How to boost your productivity using AI?
✔️Productivity,👨🏼💻iMagazine,⭐️Featured
Everyone’s talking about AI these days. Artificial Intelligence. It’s everywhere – on the news, in podcasts, at dinner parties. While the concept has been around since the Terminator movies which scared us into thinking machines would take over the world, it wasn’t until ChatGPT burst onto the scene a few years ago that AI became something we could actually touch, play with, and use in our daily lives. In this article I’ll be sharing my own experiences using AI and how at the end of the day, I believe it’s an amazing productivity booster.

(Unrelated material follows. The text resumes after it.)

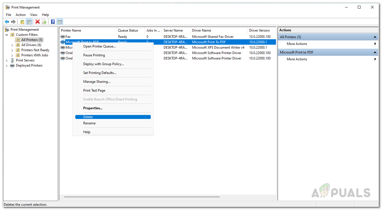 As it turns out, another way to get rid of the ghost printer is by using the Print Management utility, which allows you to manage and handle all the printers connected to your computer, including any print servers and more. To use the Print Management utility, follow the instructions provided below:

- What is AI? Will it take our jobs?
- How my team and I are using AI for work
- Tip 1: always verify AI
- The “creepy” side of AI – voice, video, and graphics
- Tip 2: be authentic!
- AI features coming to Nozbe
- How AI impacts productivity
What is AI? Will it take our jobs?
AI isn’t just chatbots. It’s also technologies that create graphics, generate videos, and even clone your voice. And with all this power comes the inevitable question: is AI really that good, or does it just make stuff up? And most importantly – will it take our jobs?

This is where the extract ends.